/Does eating organic reduce the risk of cancer? Three questions on the study of French researchers devoted to food
Does Eating Organic Reduce The Risk Of Cancer? Three Questions

Does eating organic reduce the risk of cancer? Three questions on the study of French researchers devoted to food

These scientists have followed, between May 2009 and November 2016, nearly 70,000 volunteers and observed an increased risk of cancer in those who hardly ever consume food from organic farming.

Fat consumers of organic products have a reduced risk of getting cancer, according to a new scientific study.  (PASCAL BONNIERE / MAXPPP)

At a time when scandals involving pesticides mount, the news has had the effect of a bomb. French researchers have observed a 25% reduction in the risk of cancer in regular consumers of organic foods, according to a study conducted on a sample of more than 68,000 people published Monday, October 22 in the American medical journal JAMA Internal Medicine. How to make organic the miracle ingredient in the fight against cancer? It’s a bit early to tell. Explanations.

What does the survey say?

Conducted over seven years, this survey highlights that the heaviest consumers of organic products have a cancer risk reduced by a quarter compared to those who consume the least. This reduction even reaches 34% for breast cancers following menopause and 76% for lymphomas, that is to say a particular type of blood cancer.

Quoted by The world, Emmanuelle Kesse-Guyot, researcher in nutritional epidemiology and co-author of the survey, explains this correlation by the presence of pesticides at a higher dose in foods from conventional agriculture.

In the evening daily, the American epidemiologist Philip Landrigan points out that “One of the great strengths” of this work lies in the fact that its conclusions “Are broadly consistent with the results of studies conducted on occupational exposure to pesticides”. And The world to recall that lymphomas are notably one of the most common cancers in farmers whose exposure to pesticides is significant.

How was it made?

To carry out this work, French researchers followed, between May 2009 and November 2016, nearly 70,000 volunteers registered on the NutriNet site in order to participate in studies on eating habits. The researchers presented 16 products to these volunteers, who were asked if they were consuming “never”, “Occasionally” Where “most of the time” versions that were labeled organic, details Le Figaro.

They were thus divided into four groups, from the biggest consumers of organic (for whom organic products represent more than 50% of the diet) to those who hardly ever consume it. Between 2009 and 2016, 1,340 cancers appeared among participants. However, research results have shown that the largest consumers of organic products were 25% less affected than those who consumed the least.

What are the limits of this study?

The authors of the study themselves recognize the presence of bias in their sample. Asked by Le Figaro, the co-author of this survey explains that “NutriNet participants are voluntary people, very interested in nutrition and health”. But according to her, the fact that the subjects studied pay more attention than the average to their nutrition would rather tend to “Underestimate the associations observed, because the subjects are already less at risk” than the general population.
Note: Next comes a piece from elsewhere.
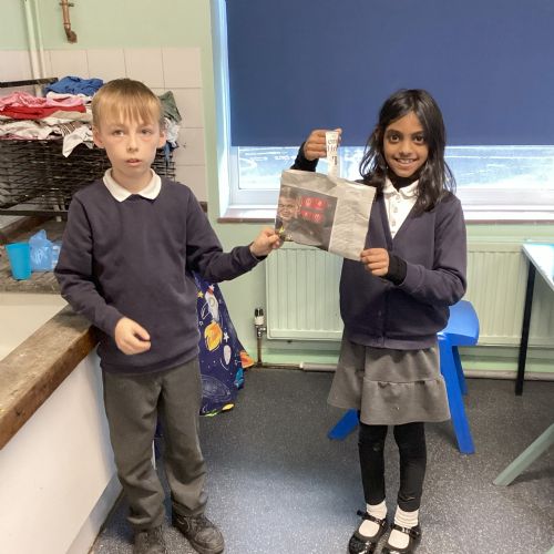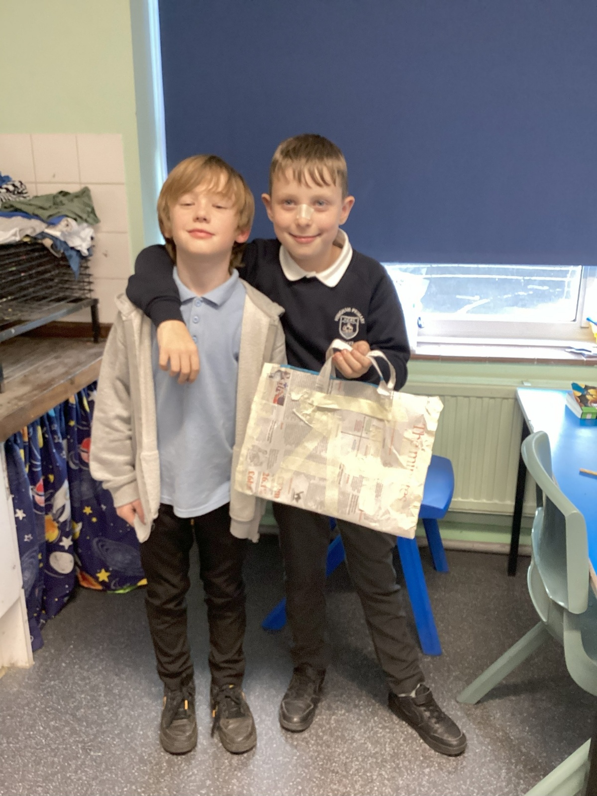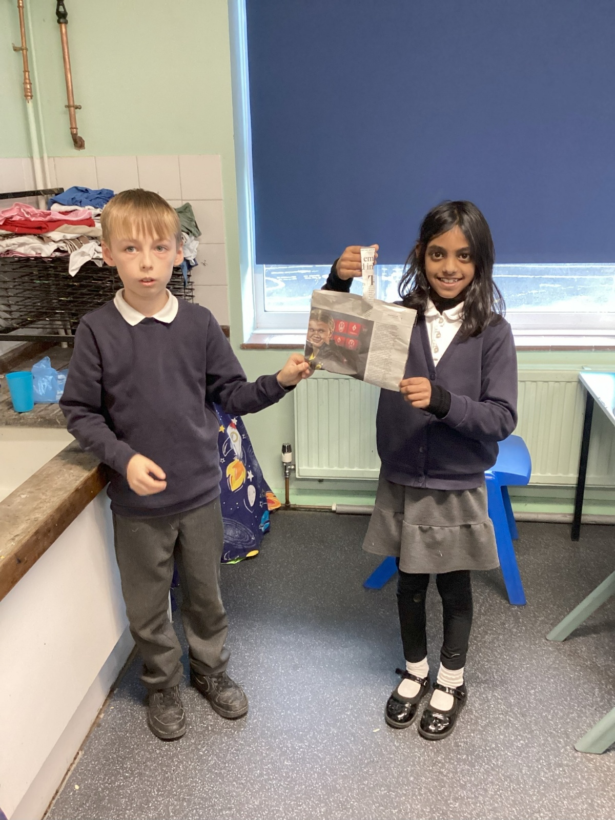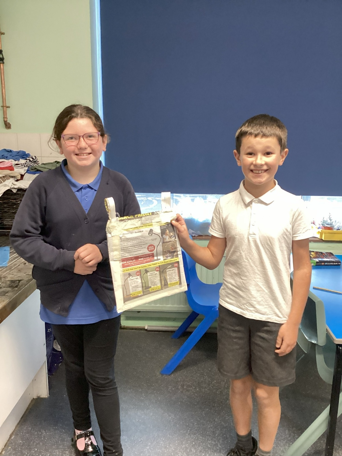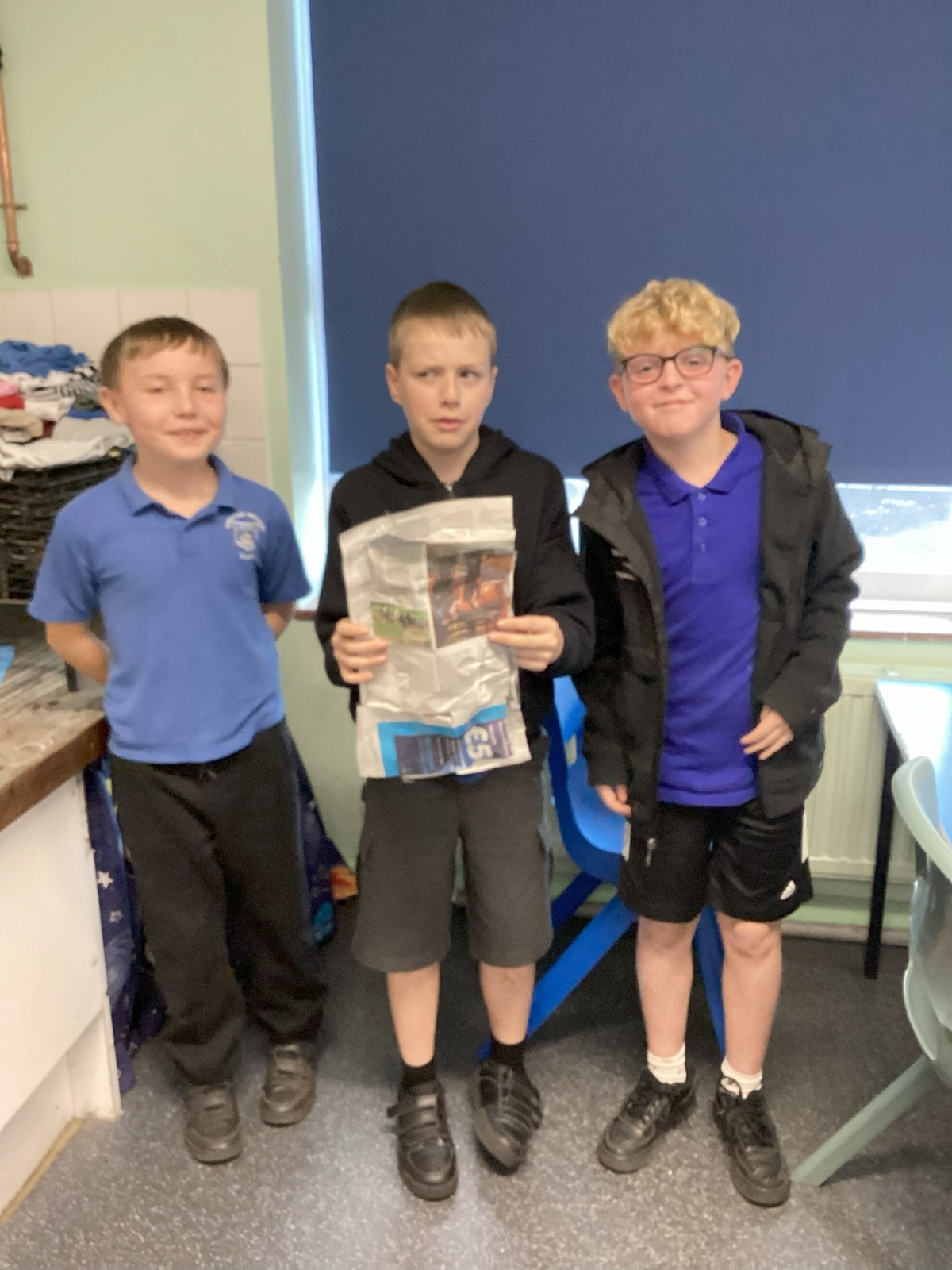 Our challenge was to turn a single sheet of newspaper into a bag. We thought carefully about our designs and how we were going to make them strong. We tested our bags by seeing how many pencil crayons they would hold, then pushed them to their limits with our reading books. Not only was it great fun, but it made us really think about how bags are designed in order to fulfil their purpose.

It is also difficult to know if the group of volunteers keen on organic food developed less cancer than the others because of this alone. The HuffPost recalls that previous studies have shown that people who eat organic are also “Less often smokers, less overweight or obese, [ont] a better food balance ”. These are all elements that influence the risk of contracting cancer. The authors of the study therefore “Corrected their analysis” based on a number of characteristics of study participants, such as body mass index, level of physical activity, socio-professional category, quality of diet, etc., notes The world.

An editorial signed by Harvard researchers (in English) and which accompanies the article welcomes the survey of their French counterparts, but also underlines this difficulty in finding a unique cause and effect link between a high consumption of foods from organic farming and a lower exposure to cancer. These American researchers also note that the higher price of organic food is often a brake on their consumption. And fear that because of the conclusions of the French study, some modest households are turning away from conventional fruits and vegetables, which nevertheless contribute to a healthy diet.